Strait to Nowhere: Hormuz Traffic Still at 7 Ships While Bitcoin Flicks a DeFi-Grade Frown
The Strait of Hormuz remains less a chokepoint and more a maritime ghost town, with exactly seven ships daring the waters post-ceasefire—fewer than a degen’s portfolio during a liquidation spiral.
The math is brutal. We’re talking 130+ ships a day pre-drama versus today’s lineup, which could fit in a modest yacht club. Of the seven, most are bulk carriers with Chinese and Greek ties, creeping along Iran’s coast like they’re following a “don’t make eye contact” navigation protocol, guided by military hand-holding instead of AIS waypoints.
And then… radio silence. No new transits after Wednesday morning. One Panamanian-flagged oil tanker reportedly spun 180 mid-channel, then just… parked. Nothing screams “back to normal” like a supertanker executing a crypto-grade rug pull in reverse.
The messaging? Clear as a memecoin whitepaper. Iranian state TV says the strait is “fully closed,” possibly after someone forgot to pay the celestial open-for-business NFT. Meanwhile, hardline outlets tied to the IRGC point fingers at Israeli fireworks in Lebanon.
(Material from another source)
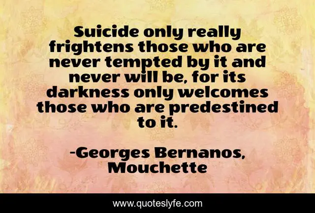 This page presents the quote "Suicide only really frightens those who are never tempted by it and never will be, for its darkness only welcomes those who are predestined to it.". Author of this quote is Georges Bernanos, Mouchette. .

On the flip side, White House press secretary Karoline Leavitt called closure claims “false,” then gracefully dodged the “who’s actually in charge?” question like it was a bearish BTC prediction. It’s geopolitical whack-a-mole, and nobody’s bringing a mallet.
Let’s not forget: this sliver of water moves 25% of the world’s seaborne oil and 20% of LNG. Iran’s bright idea? A pay-per-transit toll booth with Oman splitting the cut—call it the Web3 revenue-share model, minus the smart contracts. Shipping firms aren’t biting. Between sky-high insurance premiums and the ever-present “will I get mined or mildly attacked today?” vibe, trust is as thin as a layer-2 rollup.
Bitcoin, ever the drama queen, responded with a 1.19% slide to $70,721.89—down from a flirty $72,500 high. Volume? Dipped 17.46% to $39.49 billion. Even BTC’s mood rings are turning beige.
Meanwhile, Polymarket’s odds of shipping normalcy by April 30 now sit at 26%, cratering 43 percentage points in recent days. Apparently, traders still think “all clear” is just another exit liquidity trap.